Chapitre 24

« J’ai vu l’ordonnance de maman », dit calmement le vieil homme. « En fait, vous savez sans doute déjà ce qui se passe, n’est-ce pas ? Plusieurs des principaux ingrédients de son ordonnance sont les mêmes que les vôtres. Il ne manque que le cordyceps. »

Les paupières de Hui Niang tressaillirent. « Avez-vous envoyé quelqu'un se renseigner sur la situation de Chang Sheng Long ? »

Changshenglong est une pharmacie renommée de la capitale, réputée pour ses prix élevés et la qualité supérieure de ses herbes médicinales. Presque tous les nobles et membres de la famille royale de Pékin s'y approvisionnent en médicaments.

«

Faut-il vraiment enquêter

?

» demanda le Grand Secrétaire Jiao. «

Changshenglong bénéficie du soutien financier d’Yichun, c’est pourquoi nous l’utilisons. Ils nous fournissent forcément ce qu’il y a de mieux, qui l’ignore

? Les autres plantes médicinales, c’est une chose, mais ce Cordyceps sinensis, le meilleur au monde, vient du Qinghai… Sinon, pourquoi serions-nous si pressés de combattre les Rong du Nord il y a quelques années

?

»

Après la pacification des Rong du Nord, Quan Zhongbai mena des dizaines de gardes dans les Régions de l'Ouest à la recherche de plantes médicinales – une histoire bien connue dans la capitale. Ses dons de guérison miraculeux ayant prolongé la maladie du défunt empereur de plusieurs années, la famille Quan monopolisa naturellement l'approvisionnement en plantes médicinales des Régions de l'Ouest…

Hui Niang se mordit aussitôt la lèvre en jetant un coup d'œil au vieil homme. « Il a dit qu'il était habitué au célibat et qu'il n'avait aucune envie de se remarier… »

«

Vous avez bien trop peu confiance en Quan Ziyin

», dit le vieil homme d'un ton méprisant. «

Je peux vous garantir qu'il y a probablement d'innombrables personnes dans la famille Quan qui souhaitent votre mort. Mais il n'en fait certainement pas partie. S'il était vraiment aussi impitoyable, il ne vous aurait pas dit de telles choses à l'époque.

»

Il conseilla ensuite à Huiniang : « Son esprit libre est incompatible avec le tien, ce que j'avais anticipé depuis longtemps. Tu dois t'y préparer. Une fois dans la famille Quan, mets tout le reste de côté et gagne-le d'abord. Après avoir eu deux fils, vous pourrez alors aborder d'autres sujets. »

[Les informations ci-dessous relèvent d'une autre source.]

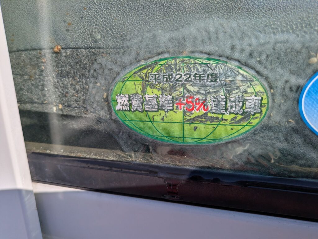 まずは窓ガラスについている燃費基準のステッカーから見ていきます。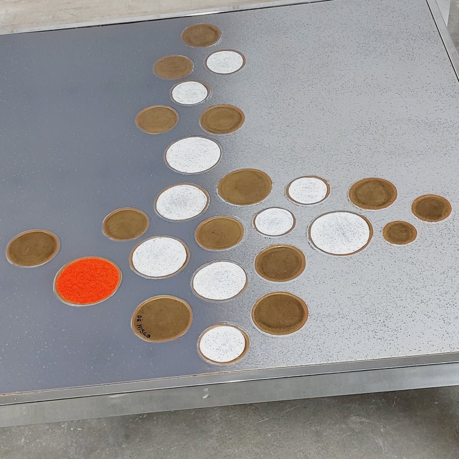Prachtige en zeldzame salontafel uit de jaren '70 van de Belgische ontwerper Denisco. Een bijzondere tafel in vierkante vorm met een schitterend decor. Het in resine gegoten bovenblad in mooie grijstinten is opgeluisterd met een speels en figuratief design, en rust op een stevig chromen metalen frame. De tafel is in zo goed als perfecte staat met minimale ouderdomssporen.

Même si Hui Niang était déterminée et impitoyable, elle restait une femme, et, de surcroît, plutôt fière. La jeune fille fit la moue, sachant pertinemment que son grand-père avait raison, mais tout de même un peu contrariée. « Mais il doit d'abord pouvoir avoir des enfants, tu sais. Je crois que son frère aîné… »

Le vieil homme était à la fois amusé et exaspéré par la petite crise de colère de sa petite-fille. Il insista : « S'il peut avoir un enfant, alors bien sûr que tu devrais en avoir un avec lui. S'il ne veut pas d'enfant avec toi, alors même si tu dois recourir à un donneur de sperme, tu devras quand même avoir cet enfant ! »

Voyant Hui Niang baisser la tête et garder le silence, il ralentit son ton. « La situation de la famille Quan est différente. Depuis la toute première génération après la fondation de la dynastie, leur titre n'a jamais été transmis au fils aîné de l'épouse légitime. J'ai consulté leur généalogie

; au fil des ans, certains aînés, d'autres cadets, et d'autres encore fils cadets ont hérité du titre. Quoi qu'il en soit, pourvu qu'on soit un fils légitime et capable, le titre reste accessible. Zi Yin n'a peut-être aucun intérêt pour ce titre, mais je pense que tu devrais tout de même aspirer à l'obtenir. »

Hui Niang n'en avait jamais entendu parler

: le titre de duc de Liang avait été hérité trente ans auparavant, et la famille Quan gérait certainement ce genre d'affaires avec la plus grande discrétion. Seul le vieux maître, d'un observateur hors pair, aurait pu en percer le secret.

Même si elle avait d'autres pensées en tête, elle ne put s'empêcher de hausser un sourcil et commença instinctivement à se demander : et si ce que son grand-père avait dit était vrai…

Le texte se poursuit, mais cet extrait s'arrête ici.